5. Salyangozların tuhaflıkları: çeşitli beslenme
Çoğu salyangoz, radula adı verilen özel bir beslenme yapısı taşır. Bu omurgasızların beslendikleri sebzeleri kemirmelerini sağlayan çok sayıda mikroskobik ince dişlerle kaplı bir dil türüdür. Ağız, hayvanın sefalik segmentinin ventral kısmında bulunur ve radular keseyi barındırır.
Kitin en yaygın radula malzemesi olmasına rağmen, kalsiyum karbonat, manyetit ve sulu ferrik fosfat ile mineralizasyon yaygındır
6. Salyangozlar çok garip şekillerde hareket eder
Dediğimiz gibi kara salyangozları ve tatlı su salyangozları "ayak" adı verilen hareket etmelerini sağlayan kaslı bir yapıya sahip olmaları ile öne çıkarlar. Bu, hayvanın vücudunu kaya, kum ve çimen gibi katı ortamlar üzerinde sürüklemesini mümkün kılan mukus üreten çok sayıda bez içerir.
Salyangozlar dinlenirken kabuklarının girişinde bir bariyer oluşturmaya yetecek kadar mukus üretirler. Bu, amacı hayvanın düşük ortam nemi veya yüksek sıcaklıklar nedeniyle kurumaması olan katı bir zar haline gelir. Bu davranış zamanla uzarsa buna aestivasyon denir.
Bazı salyangozlar 3 yıla varan sürelerle estivasyonda kalabilirler.
7. Etçil salyangoz var mı?
Kara salyangozlarının çoğu otobur veya ayrıştırıcıdır, ancak bu kuralı çiğneyen bazı temsilcileri vardır.Örneğin, Powelliphanta cinsinin örnekleri, yırtıcılık kapasiteleriyle dikkat çekiyor. Çok yavaş hareket ederler ve bu nedenle yalnızca benzer hareket kabiliyetine sahip sümüklü böcek ve solucan türlerini avlayabilirler.
Merakla, bu salyangozlar avlarını kesmek ve doğrudan yemek borusuna giden parçaları yutmak için radulalarını kullanırlar. Bu gastropod yumuşakça grubu, özellikle endemik oldukları habitatlarda (Yeni Zelanda) yerli olmayan yırtıcı hayvanların artması nedeniyle ciddi bir yok olma tehlikesi altındadır.
Bu etçil salyangozlar 20 yıla kadar yaşarlar ve 5 ya da 6 yaşına gelene kadar cinsel olgunluğa erişmezler.
8. Dev salyangozlar var!
Salyangozların bir merakı da hepsinin küçük olmaması çünkü Achatina marginata gibi kabukla birlikte boyu 21 santimetreden fazla, vücut çapı ise yaklaşık 13 santimetreye ulaşan türleri var.Bu ve Achatina cinsinin diğer temsilcileri, Afrika'ya özgü "dev salyangozlar" olarak bilinir.

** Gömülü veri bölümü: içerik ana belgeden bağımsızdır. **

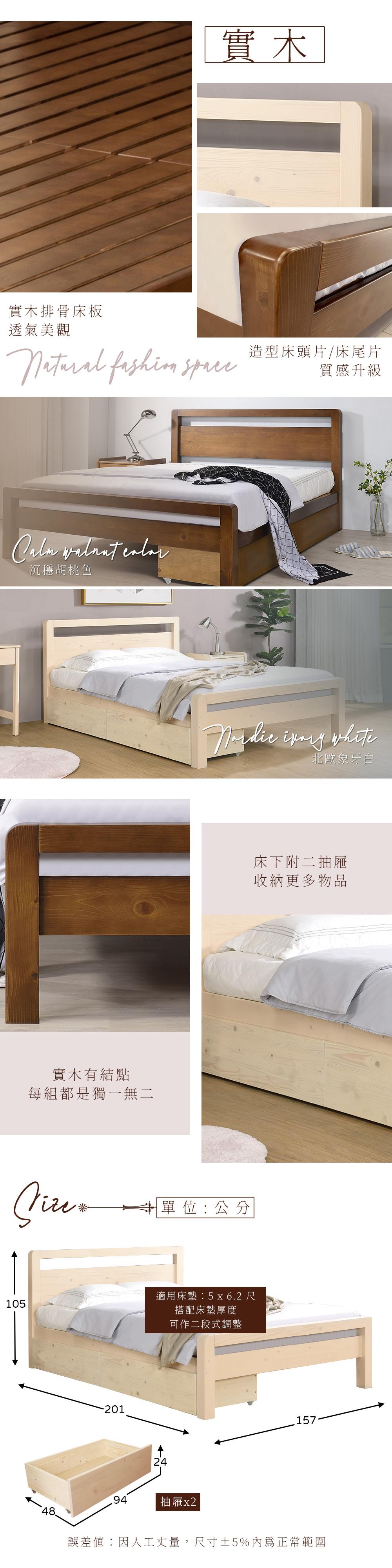 整體配件:5尺床架 x 1+床下抽屜x2 (不含床墊)
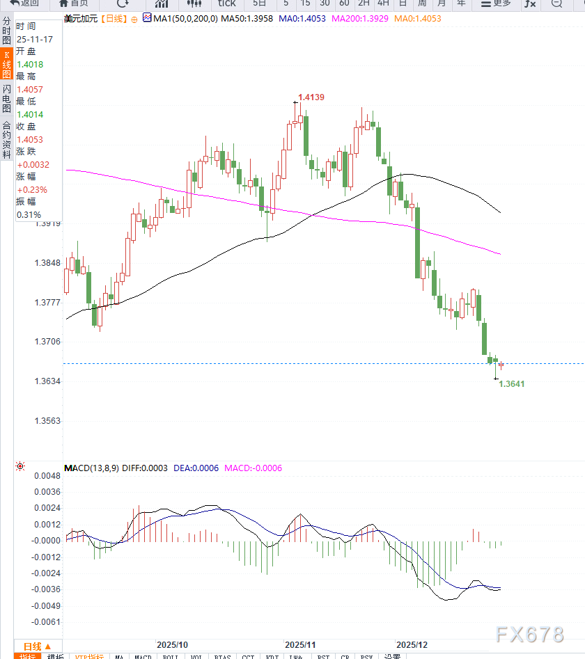 从日线走势来看,USD/CAD自11月高点持续震荡下行,整体运行于清晰的下降通道之中。当前汇价已跌破1.3700关键支撑位,并在1.3640—1.3660区间反复测试低点,显示空头趋势占据主导。
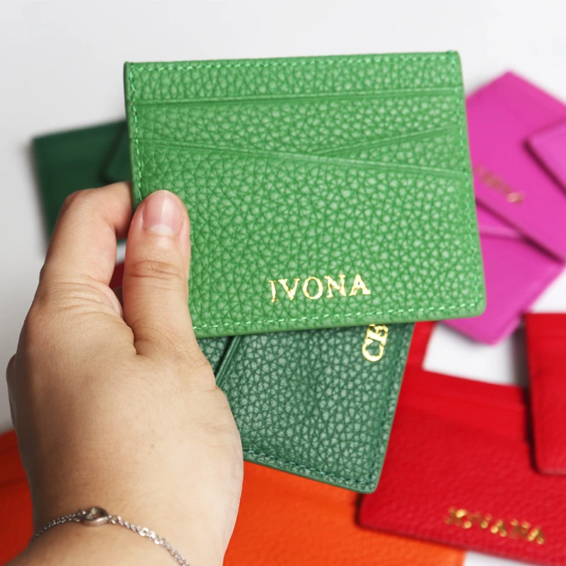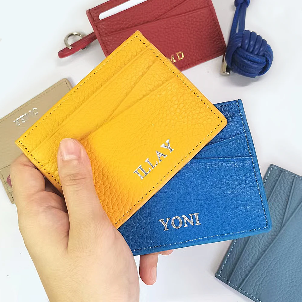 Véritable carte avec initiales – Slim Luxus Card Holder aus Rindsleder für Damen & Herren | Porte-monnaie personnalisé
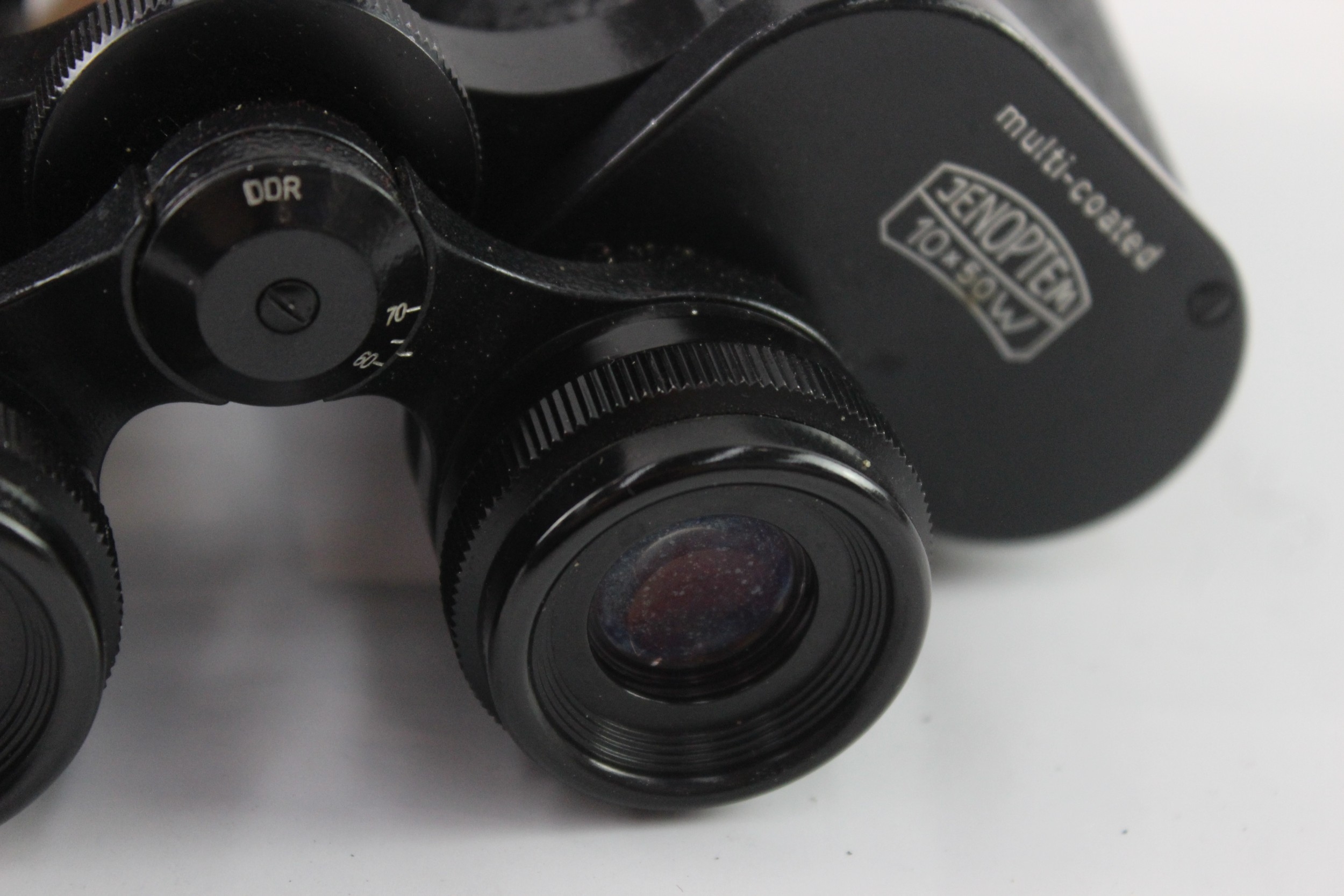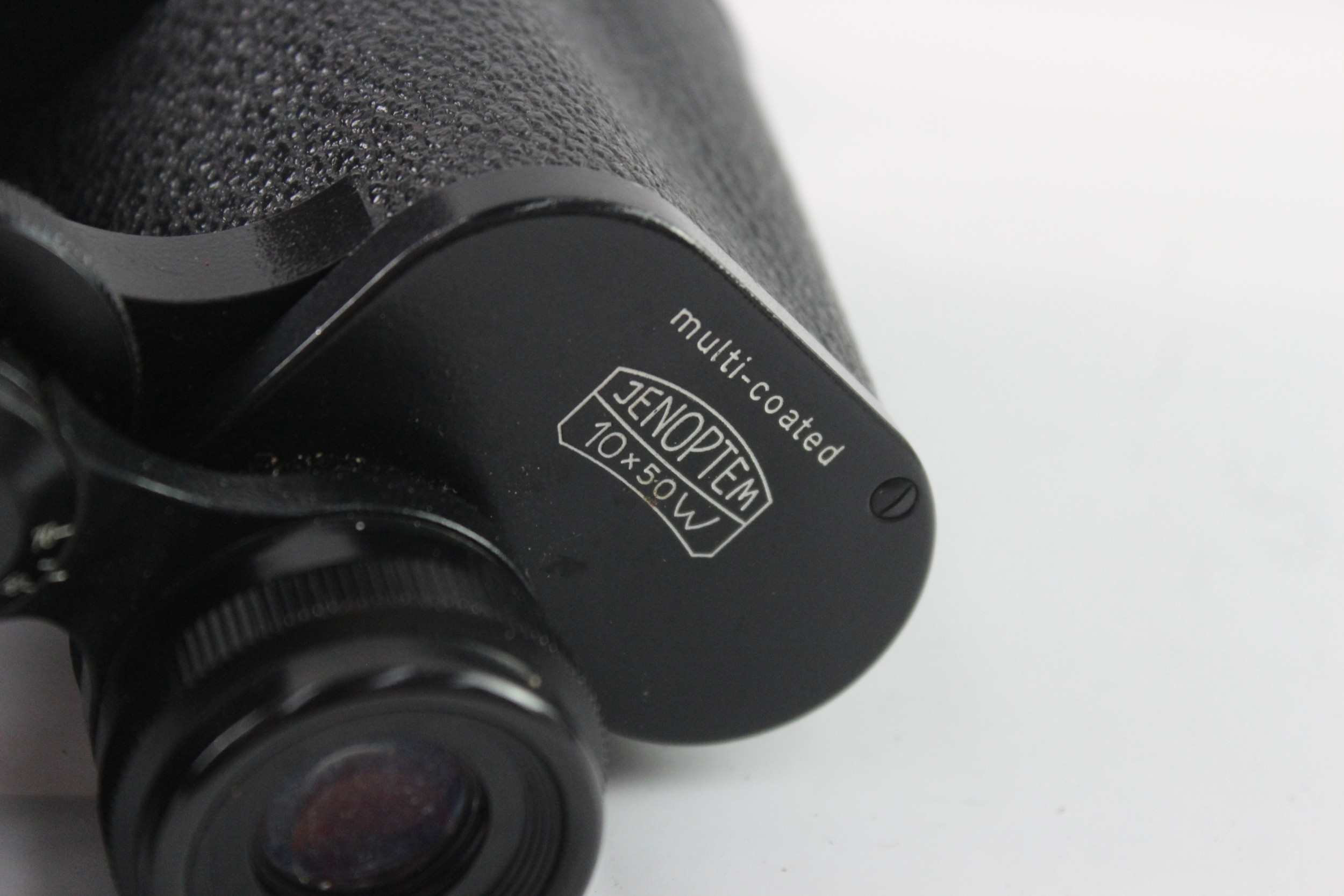 A cased pair of Carl Zeiss Jenoptem 10x50W multi-coated binoculars
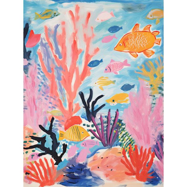 Brighten your space with this vibrant poster depicting a colorful coral reef teeming with life. The artwork captures the vivid hues and dynamic compositions of underwater scenes. Perfect for adding a splash of color to any room. Product contains a single poster only.
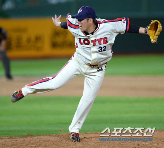 김승회는 아직 불안한 클로저다. 지난 24일 한화전에선 김태균에게 끝내기 투런을 맞고 첫 블론세이브 및 패전을 기록했다. 27일 NC전에서도 테임즈에게 사직구장 펜스를 때리는 장타를 맞고 팀 승리를 날려버릴 수 있는 아찔한 위기를 경험했다. 땀이 많은 김승회는 마치 소나기를 맞은 듯 머리와 얼굴에서 땀을 뚝뚝 흘렸다.
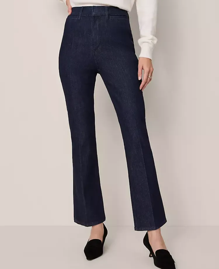 Designed with elongating pressed creases, our boot cut jeans are made from performance stretch denim that sculpts, shapes and supports all day long. Front zip with a hook-and-bar closure. Belt loops. Front and back welt pockets.

Dev salyangozlar otoburdur ve size saldırmaya çalışmayacaklarını bilmek rahatlatıcı görünse de çok fazla zarar verirler. Sebzeleri amansız bir şekilde tüketme yetenekleri ve üreme potansiyelleri nedeniyle dünyanın birçok ılıman bölgesinde zararlı olarak kabul edilirler.
9. Salyangozların tuhaflıkları: çok yönlü bir üreme
Kara salyangozu türlerinin çoğu hermafrodittir, yani hem erkek hem de dişi üreme sistemlerine sahiptirler. Genel cinsel kararlılıklarına rağmen, bu gastropodlar eşlerine kur yapmak için önemli ölçüde zaman harcarlar (2 ila 12 saat arasında). Bazı türlerin vücutlarında partnerlerini çekmek için fırlattıkları aşk okları vardır.
Aşk okları kur yapma sırasında kullanılan kireçli veya ince yapılı yapılardır. Bazı biyologlar varlıklarını Aşk Tanrısı kavramına ve aşk oklarına bağladılar.

10. İnsanla özel bir ilişki
Salyangozların merakını bitirmek için insan kültürü ve toplumdaki rollerini gözden geçirmek gerekiyor. Birçoğu, ortadan kaldırılması gereken mahsul zararlıları ve baş belaları olarak görülüyor, ancak hiçbir şey gerçeklerden daha fazla değil. Saygıyı hak eden canlılar olmalarının yanı sıra ortamlar için hayati ekosistem görevlerini yerine getirirler.
Bu hayvanlar, çeşitli kuş ve memeli türleri tarafından yenir, ancak bunun ötesinde, insanlar bile onları modern mutfaklarına ve cilt merhemlerine entegre etme cüretini göstermiştir. Salyangoz çiftliklerinin varlığı, bir omurgasızın göze ne kadar nahoş görünse de, her zaman eşit oranda ekosistemik ve ekonomik bir kullanıma sahip olacağını göstermektedir.